Перед общим строем участников охоты и перед гостями товарищ Меллер поблагодарил всех за строгое соблюдение мер безопасности, за организованность и порядок. Под торжественные звуки горнов тем, кому сопутствовала удача, на шапку прикрепили еловые веточки. Наиболее торжественный момент — коронация самого удачливого. Им оказался слесарь Эберхарт Манке. И хотя корона сделана не из золота, а из веточек ели, почести лучшему охотнику были оказаны поистине королевские. Долго перечислялись его заслуги и достоинства, были отмечены не только меткость и выдержка, но и знание охотничьих правил и законов. Король охоты наделен большими полномочиями: весь вечер ему обязаны оказывать всевозможные знаки уважения, в присутствии Короля никому нельзя сидеть без его разрешения, любая его просьба должна выполняться беспрекословно, ему принадлежат права амнистии или усиления наказания на «Высочайшем суде» и многие другие «королевские» привилегии. И конечно же, все это подчинено одному важному правилу — осуществляется на веселой волне, с шуткой, с выдумкой.
Вся добыча сдается государству, если же кто-то из охотников пожелает принести домой «дичинки», он должен купить ее на общих основаниях — через магазин.
Перед праздничным ужином, который устраивается за счет охотобщества, под торжественные звуки горнов и аплодисменты были вручены подарки и выражена благодарность всем, кто организовывал и обеспечивал охоту,— егерям, водителям машин, поварам и даже метеорологам за хорошую погоду. И вот наконец настало время «Высочайшего суда». Председатель и его помощники заняли свои места, «палач» проверил остроту секиры и положил ее на край массивной скамьи. В зале деревенского кафе установилась тишина. Председатель что-то сказал, его слова были встречены смехом, а я ничего не понял, поскольку Коваленко, выполнявшего роль переводчика, рядом не было.
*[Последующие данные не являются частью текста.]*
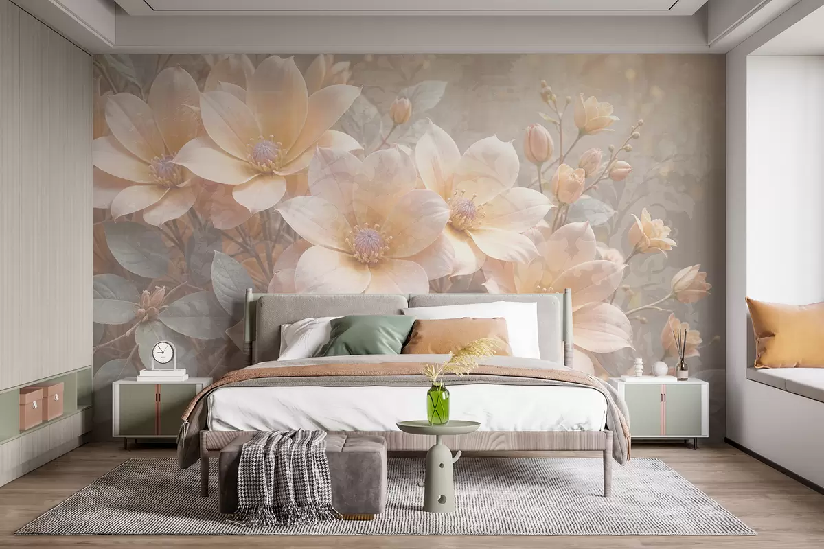 Fotomurales Flores de colores pastel con delicados pétalos sobre un fondo de textura difuminada , creando una atmósfera serena Nr. w08273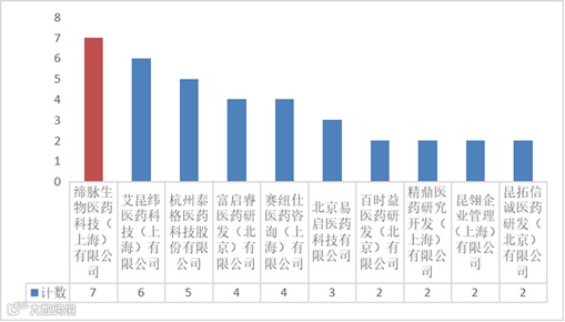 2025年9月,国合获批参与项目的CRO单位共计28家,分布于我国6个省、自治区、直辖市,其中上海市参与申报项目最多,为27项(49.09%),其次为北京市和浙江省,申报项目分别为17项(30.91%)和8项(14.55%);缔脉生物医药科技(上海)有限公司开展项目最多,为7项;其次为艾昆纬医药科技(上海)有限公司、杭州泰格医药科技股份有限公司,分别为6项和5项。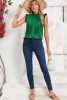 Bright Green Frilled Trim Sleeveless Pleated Blouse
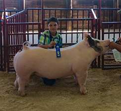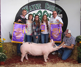 ![]() Reserve Champion Overall Market Hog Sired by Detour |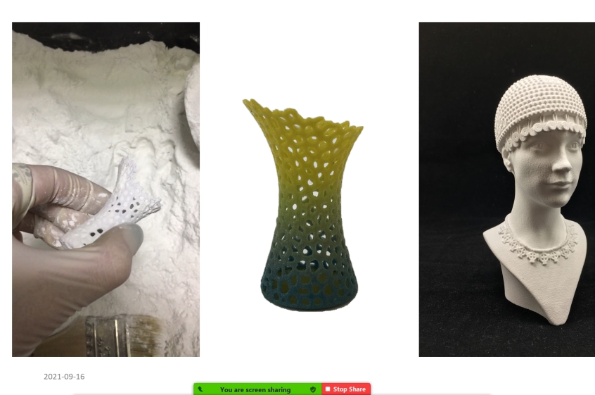 3D technologijų ir robotikos laboratorijos jaunesnioji mokslo darbuotoja Ada Steponavičiūtė nuotolinės ekskursijos - paskaitos dalyvius supažindino su skirtingomis 3D spausdinimo technologijomis, jų veikimo principais, naudojamomis medžiagomis, pridėtinės gamybos privalumais, lyginant su įprastomis gamybos technologijomis. Taip pat jaunoji mokslininkė papasakojo apie FTMC LTS 3D technologijų ir robotikos laboratorijoje turimą 3D spausdinimo įrangą, pademonstravo spausdinimo proceso vaizdo įrašus bei iš metalo ir keramikos atspausdintų objektų vaizdus.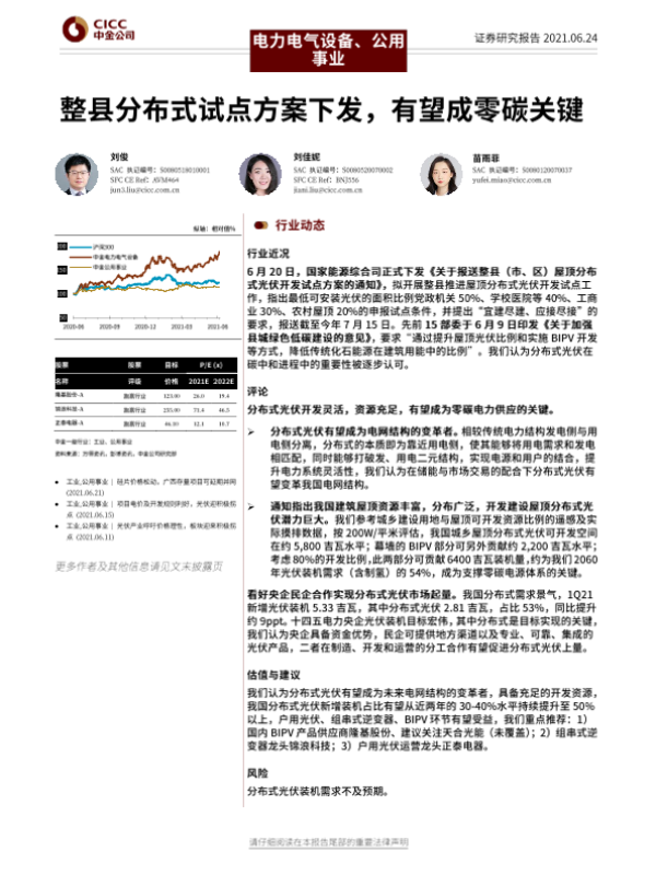 【中金公司】【20210624】整县分布式试点方案下发,有望成零碳关键-6页 行业研究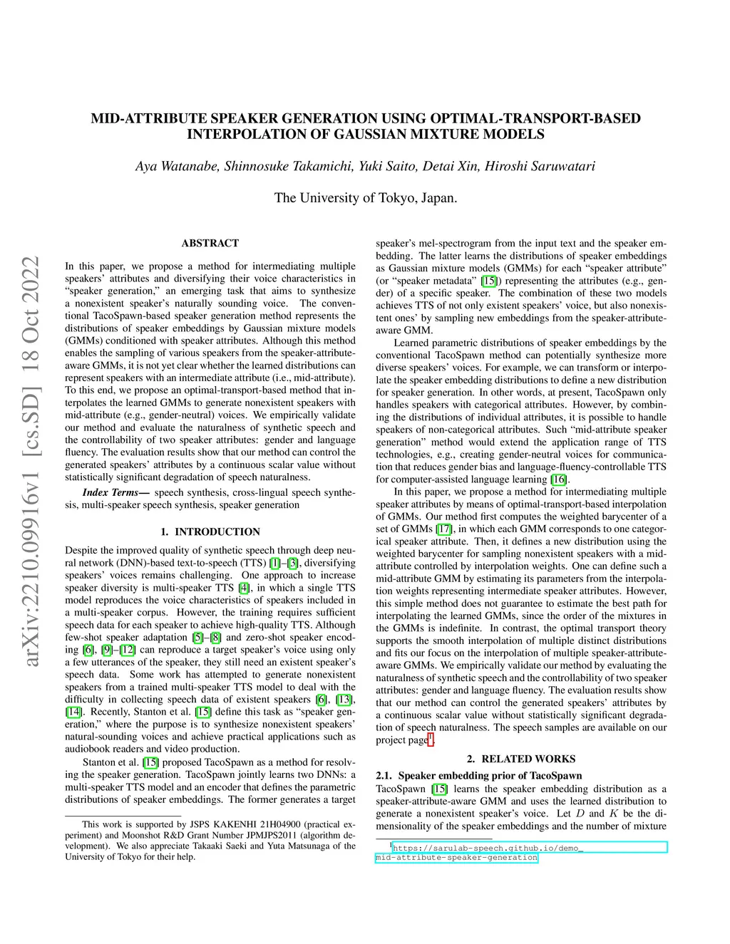 In this paper, we propose a method for intermediating multiple speakers' attributes and diversifying their voice characteristics in ``speaker generation,'' an emerging task that aims to synthesize a nonexistent speaker's naturally sounding voice. The conventional TacoSpawn-based speaker generation method represents the distributions of speaker embeddings by Gaussian mixture models (GMMs) conditioned with speaker attributes. Although this method enables the sampling of various speakers from the speaker-attribute-aware GMMs, it is not yet clear whether the learned distributions can represent speakers with an intermediate attribute (i.e., mid-attribute). To this end, we propose an optimal-transport-based method that interpolates the learned GMMs to generate nonexistent speakers with mid-attribute (e.g., gender-neutral) voices. We empirically validate our method and evaluate the naturalness of synthetic speech and the controllability of two speaker attributes: gender and language fluency. The evaluation results show that our method can control the generated speakers' attributes by a continuous scalar value without statistically significant degradation of speech naturalness.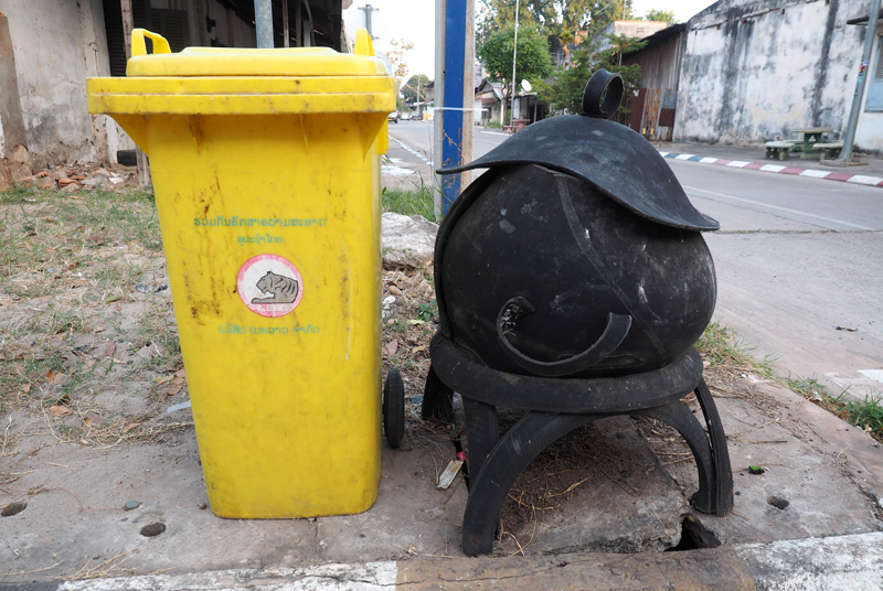 Savannakhet ist tatsächlich genauso verschlafen, wie wir es uns vorgestellt haben. Fast zu verschlafen, finde ich. Die langen, breiten Straßen und durchweg flachen Häuser erinnern mich etwas an eine amerikanische Vorstadt im Nirgendwo. Was nicht in diese Fantasie passt, sind die vielen Kindergärten, die hier auch genauso heißen. Ich habe im Internet gelesen, dass die Einrichtungen nach DDR-Vorbild entstanden sind. Und tatsächlich erinnern mich manche Spielgeräte hinter dem Zaun daran: bunt angemalte Autoreifen dienen als Kletterparcours. Die niedlichen runden Mülltonnen, die in Laos am Straßenrand stehen, werden übrigens auch komplett aus alten Autoreifen hergestellt. Geniales Upcycling.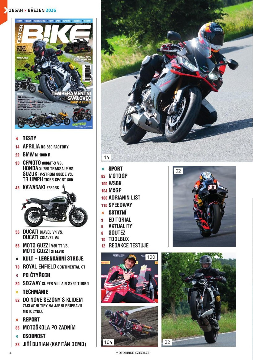 Protože minule jsme vynechali soutěž, v Motorbike 3/2026 pro vás máme dvě: o motorkářské džíny MBW a stylový balíček Motul. Nechybí ani aktuality (kde se dozvíte například podrobnosti o novém road racingovém seriálu European Series Road Racing), toolbox a redakční testy motovýstroje.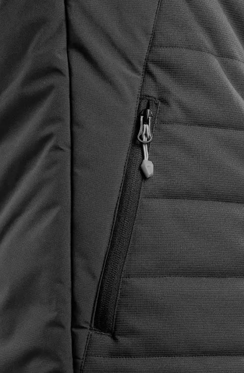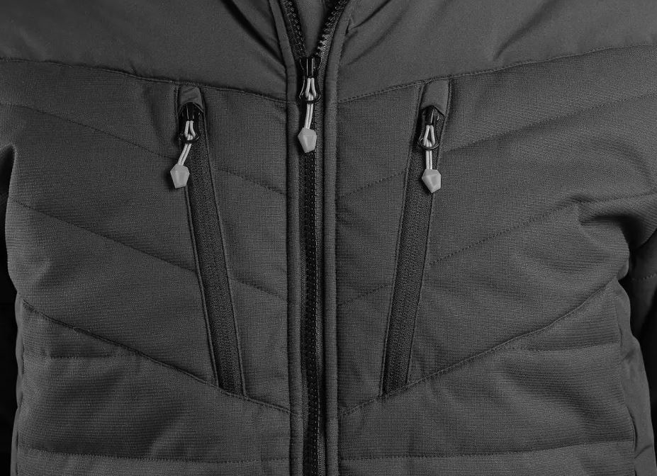 Kurtka jest wyposażona w kieszenie na piersi na zamek, boczne kieszenie na zamek, wewnętrzną kieszeń na piersi, delikatną elastyczną gumkę przy mankietach i dolnym obszyciu.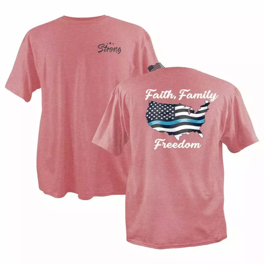 Lincoln Outfitters Strong Ladies Faith Family Blue Short Sleeve T-Shirt – SGL-37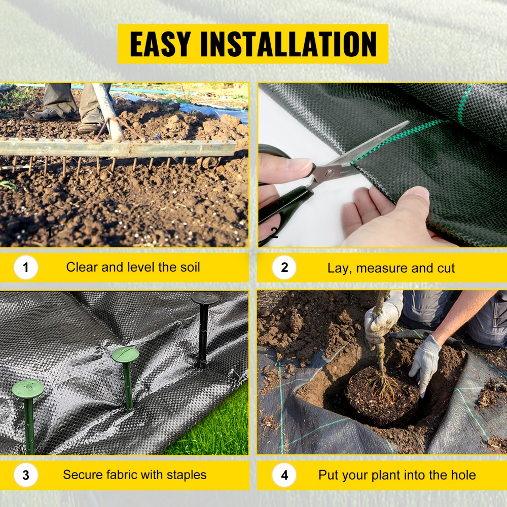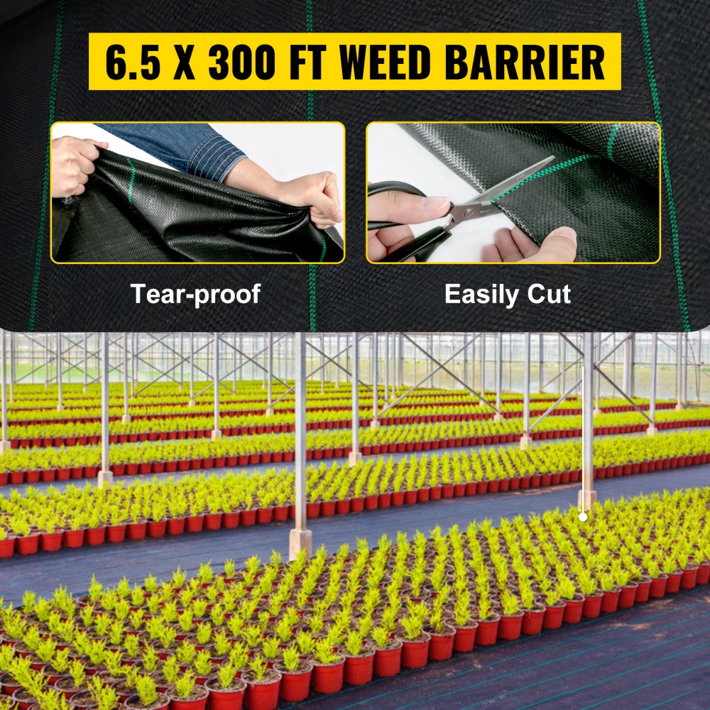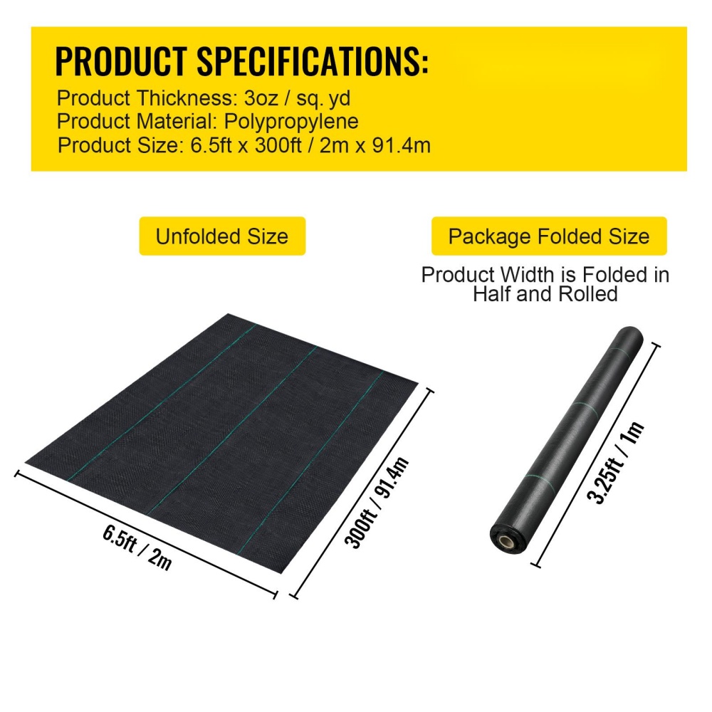 VEVOR 6.5FTx300FT Premium Weed Barrier Fabric Heavy Duty 3OZ, Woven Weed Control Fabric, High Permeability Good For Flower Bed, Geotextile Fabric For Underlayment, Polyethylene Ground Cover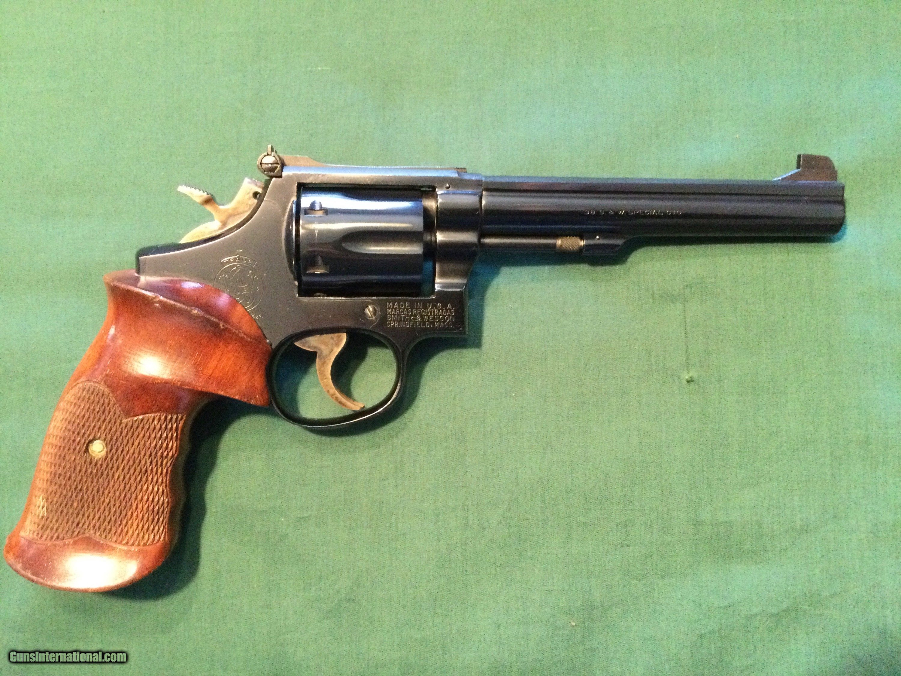 Description: This is a very nice old Smith 14-3 target 38, that I got from the estate of an old guy in Germany where it was originally sold. It was shot very little. 6" pinned barrel & excellent bore. Light cylinder marks. I got the gun, hoping to work on my Bullseye distinguished revolver rating but never got around to it. I can say though, having shot many target revolvers including S&W, Colt match, DW and Korth, ths is the most accurate revolver I've ever shot. I've put about 60 rounds of light wadcutter through it. Smooth tight action, great trigger and very solid comfortable ergonomic thumbrest grips. I have some other ergonomic target grips if the buyer prefers them to these thumb rest grips. Not much else to say about it. $35 insured priority shipping to your FFL in the lower 48. SOLD Handgun Caliber: .38 Special Manufacturer: Smith & Wesdon Model: 14-3 Barrel Length: 6” Condition: VG-exc |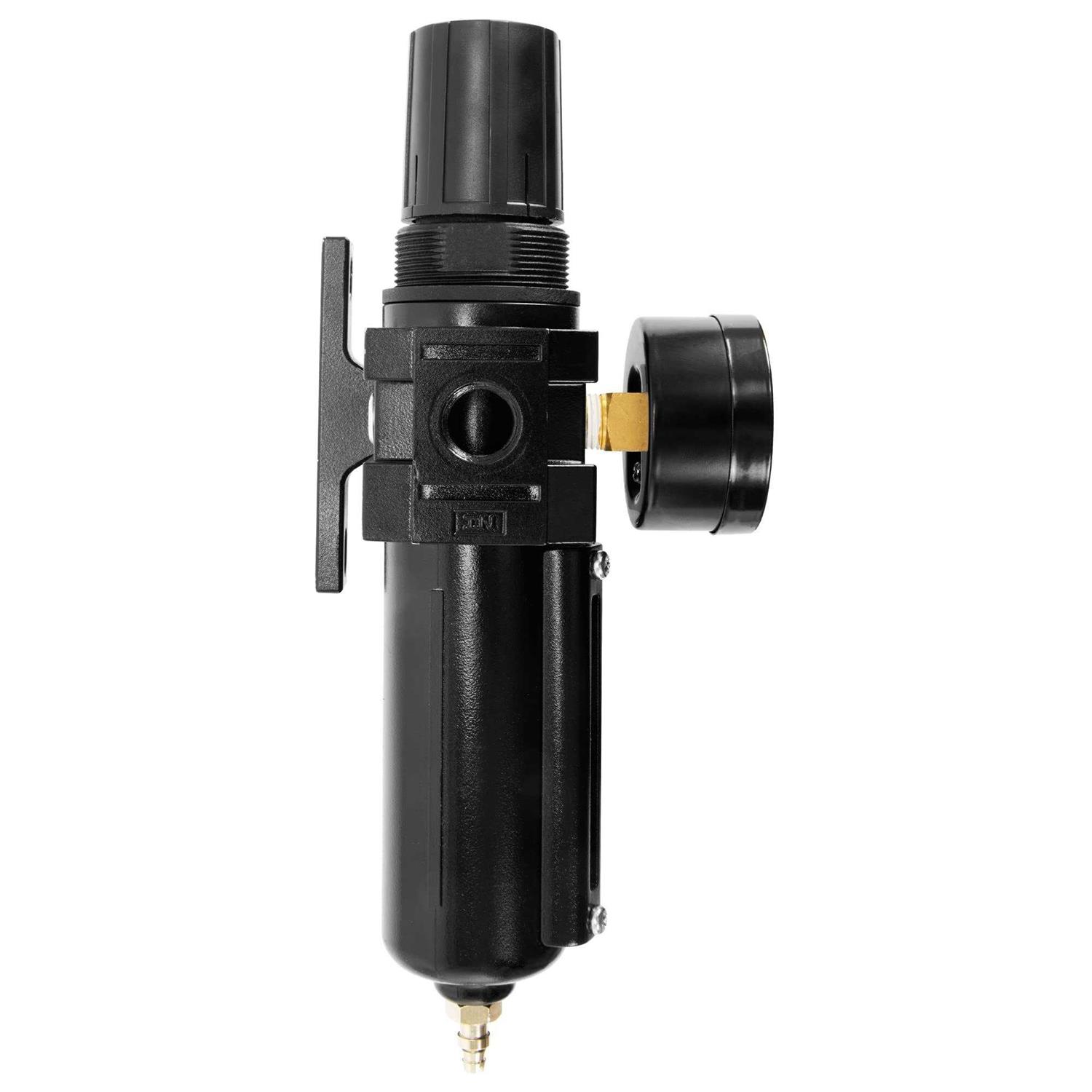 - Regulator lubricator with easy to read pressure gauge for convenience

Кто-то выкрикнул с места, перебив председателя, и тот незамедлительно вписал в свой «черный список» новую «жертву».
Первым скамью подсудимых занял молодой охотник, который выстрелил в самца косули, хотя в данный момент охота разрешалась только на самок.
— Отвечай, почему застрелил козла?
— Трудно отличить, рога ведь сброшены,— оправдывался молодой.
— Не по рогам надо смотреть, а по «пистолету»,— поучал судья.
— Так не видно же, между
деревьями темно, да и сложно на бегу...— Ах, ты еще и бегал за ним? Получаешь десять ударов секирой!
Под общий смех слово взял адвокат:
— Я думаю, что дело не только в неопытности, но скорее всего в том, что в груди молодого человека бьется сердце настоящего рыцаря: он не смог выстрелить в самку, хотя и можно было, а предпочел быть наказанным, но послал пулю в самца. Прошу уменьшить наказание до пяти ударов.
— Я думаю, что с учетом благородных помыслов достаточно будет и трех,— сказал свое веское слово Король.
Подсудимый покорно вытянулся на скамье, а палач размахнулся секирой и... ударил плашмя по тому месту, которое в детстве почему-то тесно связывают с приобретением ума и знаний. Уже в ходе исполнения приговора судья заметил, что у наказуемого на брюках дырочка. Это послужило поводом для того, чтобы с согласия Короля добавить один удар за неопрятный внешний вид.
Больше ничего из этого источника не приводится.